When non-threaded pins and wires were used, the neck commonly continues to grow and this would be a great advantage. However, stabilisation using multiple pins was not found to provide advantages over pinning using a single screw, with substantially higher AVN, CL, FAI and OA rates. Moreover, with continued growth there is a risk that the anchorage in the epiphysis will be lost and repeat fixation will be required. Further growth of the femoral neck is less likely to occur if a screw is inserted in compression mode with the head abutting the lateral femoral cortex, causing physiodesis [73]. Three studies [23, 54, 55] showed that screws with special design allowed growth to continue; however, these were small studies (37 patients) with no comparator. The literature search identified 6 other studies that used screws which allow continued growth and reported a favourable outcome on neck growth; however, these studies could not be included in our review because we were not certain about the stability of the slips.
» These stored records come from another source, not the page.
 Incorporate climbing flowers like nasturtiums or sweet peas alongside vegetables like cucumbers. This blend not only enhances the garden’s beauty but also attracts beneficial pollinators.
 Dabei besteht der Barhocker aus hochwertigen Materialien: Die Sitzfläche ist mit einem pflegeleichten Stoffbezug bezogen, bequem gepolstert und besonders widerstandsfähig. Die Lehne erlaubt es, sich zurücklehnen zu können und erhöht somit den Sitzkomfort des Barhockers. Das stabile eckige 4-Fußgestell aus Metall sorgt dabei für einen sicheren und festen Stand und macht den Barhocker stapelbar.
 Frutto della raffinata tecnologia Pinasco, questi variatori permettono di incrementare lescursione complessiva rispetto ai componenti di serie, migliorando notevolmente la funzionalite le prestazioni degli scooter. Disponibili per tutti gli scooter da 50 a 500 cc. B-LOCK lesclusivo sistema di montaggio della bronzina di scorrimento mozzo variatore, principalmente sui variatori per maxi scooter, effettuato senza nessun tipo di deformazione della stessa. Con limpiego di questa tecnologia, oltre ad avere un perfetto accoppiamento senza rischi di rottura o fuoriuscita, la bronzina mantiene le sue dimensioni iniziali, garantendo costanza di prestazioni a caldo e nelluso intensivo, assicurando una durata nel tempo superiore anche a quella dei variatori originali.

Physeal osteotomy using Fish or Dunn techniques was associated with high AVN, CL, FAI and OA rates and only 28% reported an excellent outcome. Bone peg epiphysiodesis has not been favoured by the orthopaedic community because of the associated blood loss, donor site morbidity, length of surgical time and length of stay. Although the AVN and CL rates were relatively low, patients’ satisfaction rates were not impressive with only 67% reporting an excellent outcome and 14% reporting a poor outcome or failure. Although the reported OA rate was high (23.3%), this was derived from a single study which could be an outlier.
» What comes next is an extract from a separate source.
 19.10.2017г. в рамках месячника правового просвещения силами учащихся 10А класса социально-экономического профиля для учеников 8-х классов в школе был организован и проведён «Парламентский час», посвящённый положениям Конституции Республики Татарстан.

Hip spica was found to be the worst treatment, with poor AVN (9%), CL (20.5%) and OA (53%) rates. This probably explains why this treatment modality has largely been abandoned in the management of SCFE.

Timing of surgery and severity of the slip are two factors that we intended to study; however, included studies did not provide useful data to inform the effect of these factors on the selected outcomes. It is our observation that timing of surgery is not as critical as in unstable slips but the severity of slips plays a role in final outcomes and patient satisfaction rates. However, this remains to be proven.

The review was conducted with the intention of doing a trial-based meta-analysis. Disappointingly, only case series and controlled studies were found and form the basis of this review. Some studies were published more than once with or without extra information. Thorough considerations have been taken when including data from such studies. Authors were often contacted for further clarification and data provision. Despite our best effort to produce a high quality review, the qualities of the included studies remain the major weakness of this review. Yet, this is the largest systematic review that has addressed this hot topic and which explains the current trends in treating slipped capital femoral epiphysis.

Another inherent bias that must be considered when reading our findings is the fact that pinning in situ was used across the whole severity spectrum of SCFE and this was not the case with Ganz surgical dislocation. Ganz surgical dislocation is more invasive than PIS and has been reserved for patients with severe stable slips. In such cases, the merits and risks of this technique should be discussed with the parents: an excellent reported patient satisfaction but a higher incidence of AVN, respectively.

In summary, the review supported our views that stable and unstable slips behave differently and require different treatments. For an unstable SCFE, open reduction and internal fixation on an urgent basis (within 24 h) is shown to be associated with the best outcome [26]. For a stable SCFE, pinning in situ is recommended for mild and, to a lesser extent, moderate slips. Screws that allow continued growth may be superior to standard screws. Ganz surgical dislocation is recommended for severe slips provided patients and parents agree to take the higher AVN risk for better satisfaction and the surgical expertise is available.